== THE PROBLEM ==
Transcribe each record precisely; images stay out.

::::::

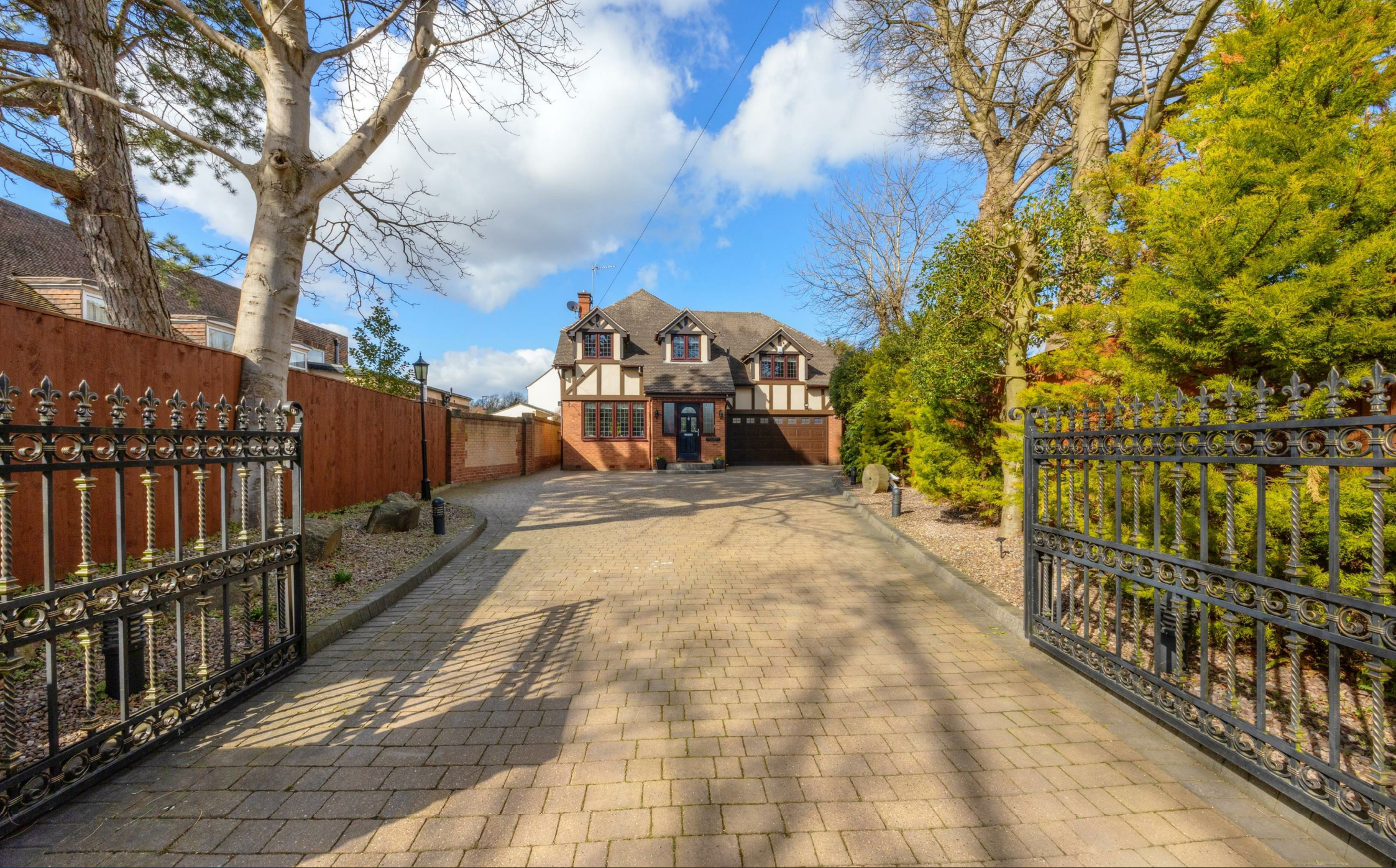
Christchurch Cottage Townhead Road, Dore, Sheffield, S17 3GA
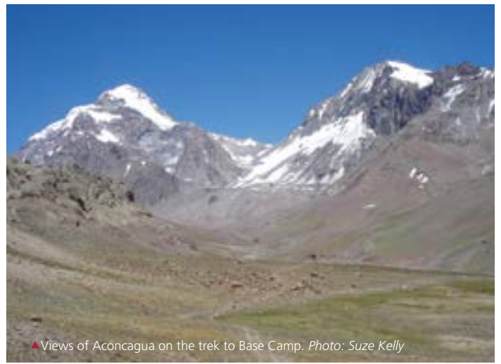
▲ Views of Aconcagua on the trek to Base Camp.
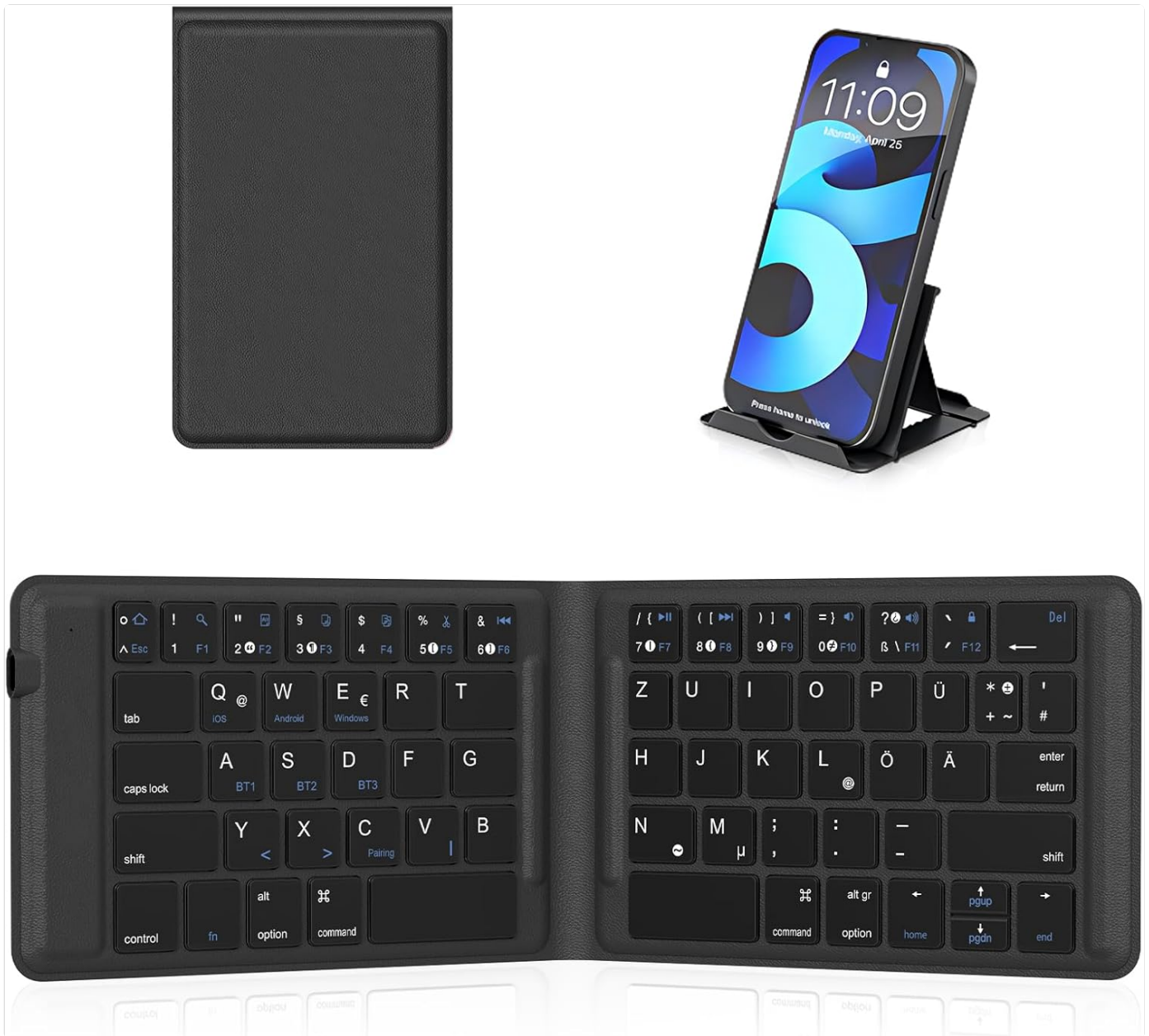
Image: The OMOTON Foldable Wireless Bluetooth Keyboard shown in both its compact, folded state and its fully unfolded, ready-to-use configuration. A smartphone is displayed on the included adjustable stand, demonstrating a typical setup for mobile productivity.
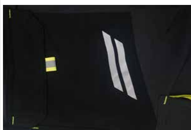
PRINTED REFLECTIVE LINES ON LEFT BACK POCKET
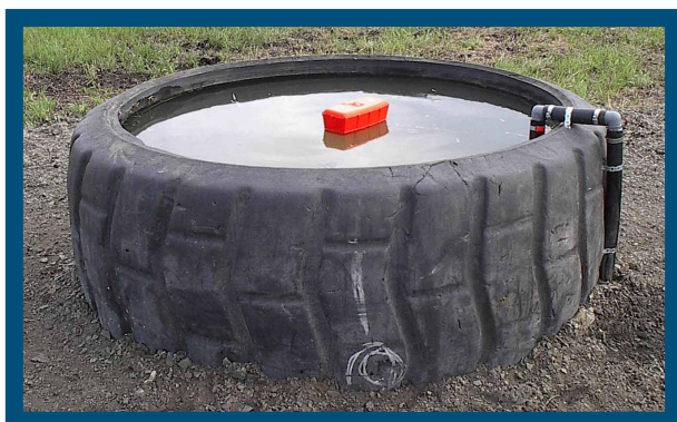
Heavy equipment tire waterer

Livestock watering facilities are permanent or temporary systems that ensure livestock have regular access for their daily requirements of clean water.

::::::

== TASK RESPONSE ==
Christchurch Cottage Townhead Road, Dore, Sheffield, S17 3GA
▲ Views of Aconcagua on the trek to Base Camp.
Image: The OMOTON Foldable Wireless Bluetooth Keyboard shown in both its compact, folded state and its fully unfolded, ready-to-use configuration. A smartphone is displayed on the included adjustable stand, demonstrating a typical setup for mobile productivity.
PRINTED REFLECTIVE LINES ON LEFT BACK POCKET
Heavy equipment tire waterer

Livestock watering facilities are permanent or temporary systems that ensure livestock have regular access for their daily requirements of clean water.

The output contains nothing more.